After engine repairs and partial refueling (Oyambre Beach was too soft and too short for a fully fueled takeoff), the Yellow Bird departed at 9:30 a.m. on June 16. Mechanical problems required an additional stop at Mimizan-Les-Bains in southwestern France. Nevertheless, Lotti was exuberant. He was back on native soil, his mission completed. The crewmen went to Sunday Mass in Mimizan, topped off the tanks at a nearby military base and took off for Paris at 5:50 that afternoon.
The Yellow Bird touched down at Le Bourget at 8:47 p.m. on June 16. Ecstatic Parisians greeted the arrival in crowds so massive that mounted gendarmes had to restrain them. Dignitaries celebrated the crewmen and stowaway in a formal reception while the Yellow Bird was displayed in the Tuileries Gardens. Lotti put Schreiber up in his father’s hotel, free of charge.
A few days later the French government began shooting a film documenting the flight. In it Lotti lauded Assollant and Lefèvre as outstanding aviators and brothers, and described Schreiber as “a good American boy.” He told the New York Times that Schreiber made himself useful on the flight and “now we count him as one of us.” The U.S. ambassador to France, however, had a different reaction to Schreiber’s adventure. He called the stowaway a criminal and demanded deportation back to the States.

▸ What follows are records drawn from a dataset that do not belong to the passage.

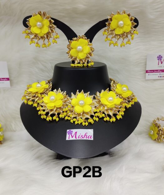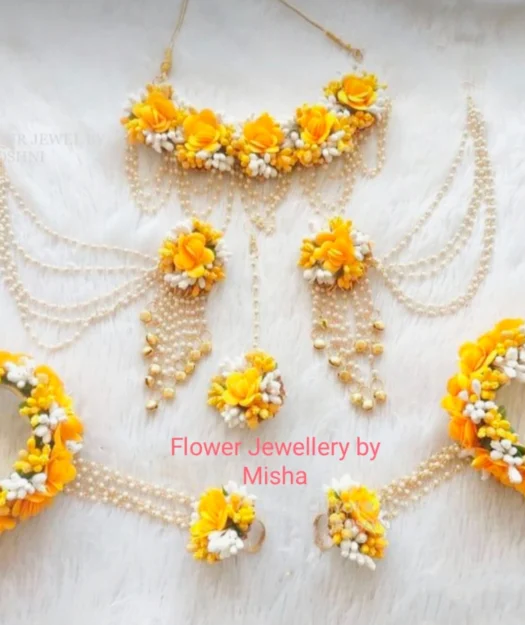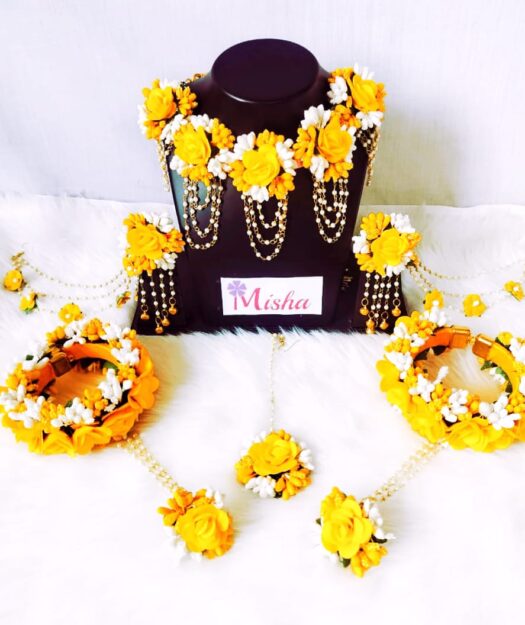 Handcrafted vibrant yellow Haldi floral jewellery set for brides, designed with red roses. This complete bridal set includes necklace, earrings, maangteeka, bracelet plus rings, and waistband with pearl chain detailing.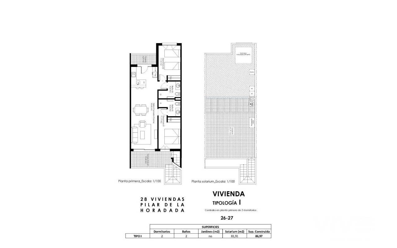 Bungalows de Obra Nueva con Solárium o Jardín en Pilar de la Horadada Moderno Residencial en la Costa Blanca Sur Ubicado en el encantador municipio de Pilar de la Horadada, este nuevo residencial de bungalows ofrece un estilo de vida cómodo y mediterráneo en una de las zonas más atractivas de la Costa Blanca. Pilar de la Horadada es conocido por su ambiente acogedor, su excelente clima y sus extensas playas de arena fina como Las Higuericas y Mil Palmeras, ideales para disfrutar en familia o practicar deportes acuáticos. Distribución y Tipologías de Viviendas El complejo está compuesto por 28 modernos bungalows disponibles en versiones de 2 y 3 dormitorios, distribuidos en: Plantas bajas con jardín privado Plantas altas con solárium privado y trastero asignado Muchas de las viviendas gozan de orientación sur, lo que garantiza una excelente luminosidad, y ofrecen vistas a la piscina comunitaria o al parque contiguo. Espacios Funcionales y Bien Equipados Cada vivienda ha sido diseñada con espacios amplios y funcionales: Cocina americana integrada con amplio salón comedor Armarios empotrados Terraza privada en cada unidad Plaza de aparcamiento incluida Además, las viviendas cuentan con: Agua caliente mediante sistema de aerotermia Preinstalación de aire acondicionado Carpintería exterior de PVC con cristales dobles y persianas de aluminio Muebles de baño incluidos Zonas Comunes y Entorno Natural El residencial incluye una piscina comunitaria rodeada de zonas verdes, perfecta para disfrutar del sol y la tranquilidad. A solo 4 km de la Playa de las Higuericas, se puede acceder fácilmente caminando o en bicicleta por la agradable rambla que conecta con el mar. Excelente Ubicación y Conectividad La ubicación del residencial permite acceder a todo tipo de servicios y puntos de interés: Supermercados, tiendas, bares y restaurantes a menos de 1 km Campos de golf como Lo Romero a 6 km Centro comercial Dos Mares a 11 km Playas de Mil Palmeras y Torre de la Horadada a solo 5 minutos Aeropuerto de Murcia (Corvera) a 40 km Aeropuerto de Alicante a 65 km Tu Nueva Vida al Sol Este residencial en Pilar de la Horadada representa una excelente oportunidad para disfrutar de la vida mediterránea en una vivienda moderna y bien ubicada. Contáctanos hoy para más información o para concertar una visita y dar el paso hacia tu nuevo hogar en la Costa Blanca.
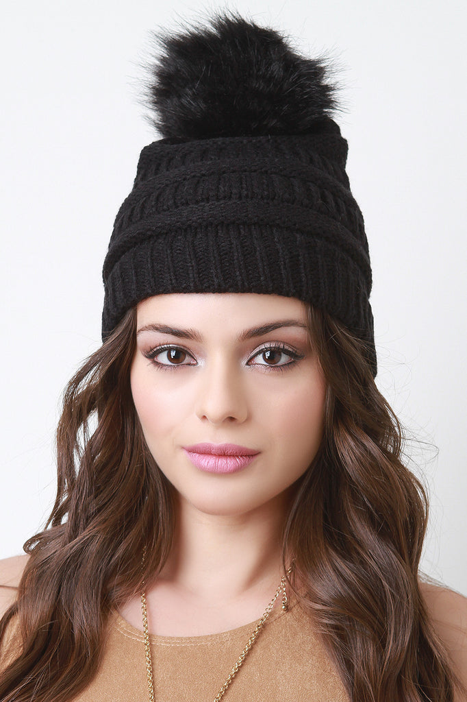 This beanie features a vertically and horizontally ridged design, elastic hem, and a large faux fur pom pom.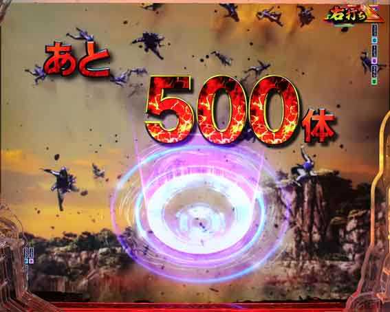 | 虹色文字の「1000撃破」表示 | 大当り濃厚 | ||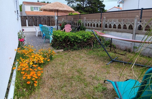 Located on Boulevard du Lay, 600 meters from the beach and 500 meters from the shops, ideal for not using your car during your vacation. It includes: A veranda, a living room with TV and Wi-Fi, a kitchen equipped with two induction hobs and two gas hobs, an oven, a refrigerator with a freezer compartment, a microwave, and a dishwasher. Two toilets. A bedroom with a 150 cm bed and two 90 cm bunk beds. A bathroom with a shower and sink, and another bathroom with a bathtub, sink, and washing machine. A 2nd bedroom with a 160 cm x 200 cm bed - Garden with a 40 m² wooden terrace, garden furniture, hammock and barbecue - Housekeeping at the tenant's expense. Linen not provided, rental possible from our partner, contact us. Heating from October 1st to May 31st extra according to meter reading.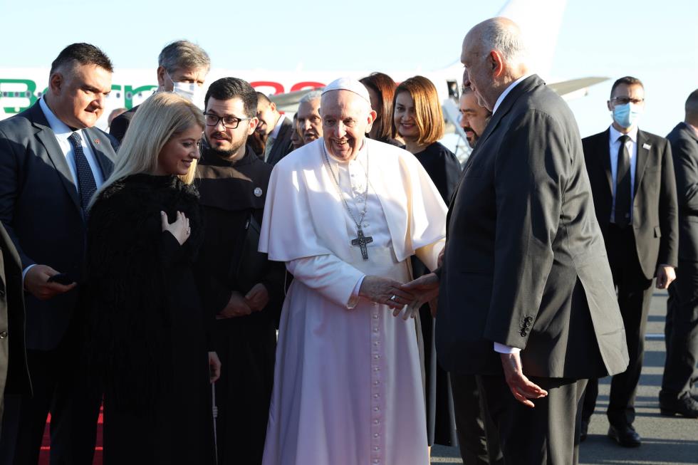 Ο Πάπας Φραγκίσκος εισήλθε για λίγα λεπτά στον χώρο VIP του παλαιού Αεροδρομίου Λάρνακας και στη συνέχεια η αυτοκινητοπομπή αναχώρησε για τη Λευκωσία συνοδεία ισχυρής αστυνομικής δύναμης.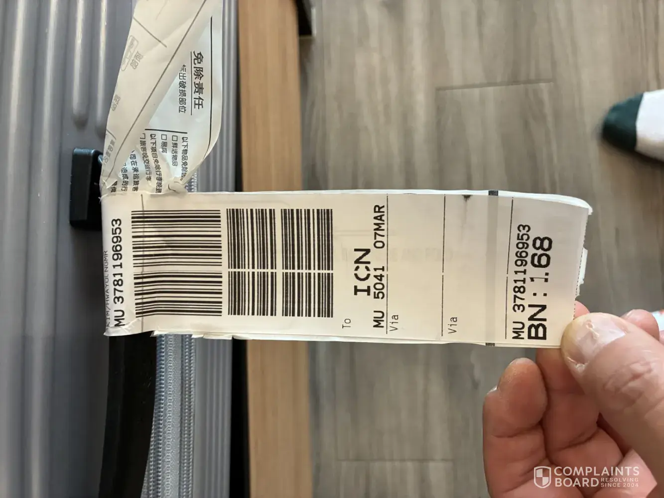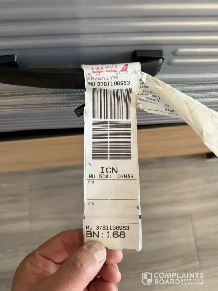 China Eastern Airlines Corporation Damaged baggage claim – Flight MU5041 (07 Mar)

While a newspaper syndicate claimed to have paid for Schreiber’s voyage home, Lotti’s American granddaughters Emily Brown and Jessica Blischok maintain that their grandfather was adamant about paying the young man’s passage himself.

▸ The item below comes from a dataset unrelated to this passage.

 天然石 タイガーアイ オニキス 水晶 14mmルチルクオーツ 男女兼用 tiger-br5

Lotti, Assollant and Lefèvre were now famous, especially in France, where they each received the Légion d’Honneur. They were the star attractions in a grand tour of European capitals that began in Madrid. Coins were minted with their likenesses, songs written about them. Comillas and Mimizan dedicated monuments in their honor, and Old Orchard Beach named streets for them.
In 1932 the French government purchased the Yellow Bird from Lotti and enshrined it in the Musée de l’Air, now located at Paris–Le Bourget Airport, where it resides today. In 1989, during the 60th anniversary celebration of the famous flight, France awarded the 92-year-old Lotti an honorary pilot’s license. During his lifetime he’d befriended many aviation legends, including Lindbergh, Chamberlin, Orville Wright, Amelia Earhart, Ruth Elder and Yuri Gagarin. He and Arthur Schreiber remained lifelong friends, Schreiber never profiting from the Yellow Bird flight as he had promised. Lotti died in 1993 and was buried at sea.

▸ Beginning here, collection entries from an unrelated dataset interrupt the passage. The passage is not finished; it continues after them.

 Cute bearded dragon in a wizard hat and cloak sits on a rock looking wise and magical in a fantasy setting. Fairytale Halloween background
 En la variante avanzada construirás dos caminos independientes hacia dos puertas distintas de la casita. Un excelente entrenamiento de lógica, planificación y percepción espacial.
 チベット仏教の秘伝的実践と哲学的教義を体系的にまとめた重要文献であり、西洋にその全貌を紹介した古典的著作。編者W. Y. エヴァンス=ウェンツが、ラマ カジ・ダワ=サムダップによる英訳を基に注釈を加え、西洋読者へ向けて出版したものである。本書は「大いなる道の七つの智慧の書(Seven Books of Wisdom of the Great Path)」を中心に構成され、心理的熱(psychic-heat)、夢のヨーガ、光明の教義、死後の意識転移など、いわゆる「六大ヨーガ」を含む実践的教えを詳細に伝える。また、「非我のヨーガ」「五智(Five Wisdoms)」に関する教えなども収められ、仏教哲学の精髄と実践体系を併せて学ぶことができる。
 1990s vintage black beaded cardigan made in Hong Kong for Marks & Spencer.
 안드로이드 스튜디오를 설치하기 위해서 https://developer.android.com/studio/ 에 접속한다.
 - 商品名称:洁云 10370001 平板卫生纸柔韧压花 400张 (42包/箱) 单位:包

Now more than 90 years after it happened, the flight of the Yellow Bird is largely forgotten. But in terms of aviation achievements it remains important. It marked the first time a French crew piloted a plane nonstop between North America and Europe. The 11th transatlantic crossing, it set a record for fastest average speed, 105 mph, and longest distance traveled over open ocean, 3,128 miles. A true oddity in aviation history, it will perhaps be most remembered as the first flight across the pond with a stowaway on board.
Bill Dantini is a career writer, having worked as a publicist, journalist, scriptwriter and novelist. He lives in Raleigh, N.C., and volunteers his time at the VA hospital in Durham, where he composes biographies for convalescing military veterans. Armand Lotti’s 1967 account of his flight, L’Oiseau Canari, is only available in French.